The reference to their recent encounter with Khan hangs unspoken between them - that moment of ultimate sacrifice, of connection so profound it transcended life and death itself. And yet, even then, Spock had never spoken of his deeper feelings.
"No," Jim admits finally, the word tasting like ash in his mouth. "I wouldn't have. I was too... afraid. Too stubborn." His fingers curl around the glass, knuckles white, as if trying to hold onto something tangible while his world tilts on its axis.
He thinks back to the countless times Spock had been there - not just as a first officer, but as something infinitely more complicated. The way Spock would challenge him, ground him, save him from his own self-destructive impulses. How many times had Spock stepped between him and danger? How many missions had been saved by that singular combination of Vulcan logic and unwavering loyalty?
"I ran from anything that felt too real," Jim continues, his voice dropping to almost a whisper. "Relationships were... safe, when they were temporary. When they didn't require me to be truly vulnerable." A bitter smile crosses his lips. "And Spock - he was the most vulnerable of us all, and yet the most guarded. Hiding an entire universe of feeling behind that stoic facade."
The irony isn't lost on him. All those years of believing Vulcans were incapable of deep emotion, and here was Spock - carrying a love so profound it had literally taken root within him, manifesting as living flowers in his lungs. A love Jim had been too blind, too afraid to see.
"I was afraid of being truly seen," he admits, and the words feel like they're being torn from somewhere deep inside him. "Not just by Spock. By anyone. The captain persona was easier. The hero. The risk-taker. But to be truly known? To let someone see all of me - the broken parts, the scared parts?" His voice breaks. "I never thought I was worth that kind of love."
McCoy watches him, silent. There's no judgment in his eyes, only a deep, aching understanding that comes from years of friendship, of witnessing Jim's carefully constructed walls.
"And he loved me anyway," Jim says, and it's not a question. It's a revelation that hits him with the force of a physical blow. "Despite all of my running. Despite all of my fears. He loved me. Completely. Unconditionally." he wants to sob, “And I loved him.” the words almost inaudible as they leave his lips.
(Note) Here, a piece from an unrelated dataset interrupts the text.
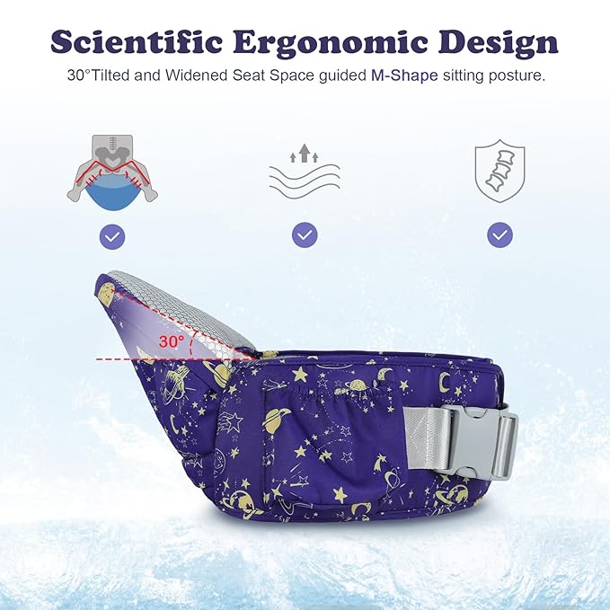 - Ergonomic Design: The wider and thicker waistband provides excellent lumbar support, evenly distributes the child's weight and reduces the strain on the arms and lumbar. 30-degree angled seat brings the infant closer to the parent, ensuring a safe and comfortable carry, maintains baby’s hips in an ergonomic "M" position

The weight of that realization settles into the room - a presence as tangible as Spock had always been, hovering just at the edge of Jim's perception, waiting. Always waiting.
McCoy's hand slides across the table, not quite touching Jim's, but close enough to offer a silent solidarity. "Some loves are patient," he says softly. "Some wait. Even when the waiting might destroy them."
The implication hangs in the air - that Spock had loved him enough to wait, to protect him even from the knowledge of that love. That the hanahaki that flowered in Spock’s lungs was both a testament to that love and its most painful manifestation.
Jim falls silent. The question hangs between them like a challenge, like a mirror reflecting truths he's spent years avoiding. Spock - logical, controlled Spock - had carried this feeling. Had loved him . Had watched Jim chase countless relationships, had stood by his side through countless adventures, had protected him time and again - all while holding this secret close to his heart.
"Tell me everything," Jim says finally. It's not a request. It's a demand.
McCoy sighs, and Jim knows the story about to unfold will change everything.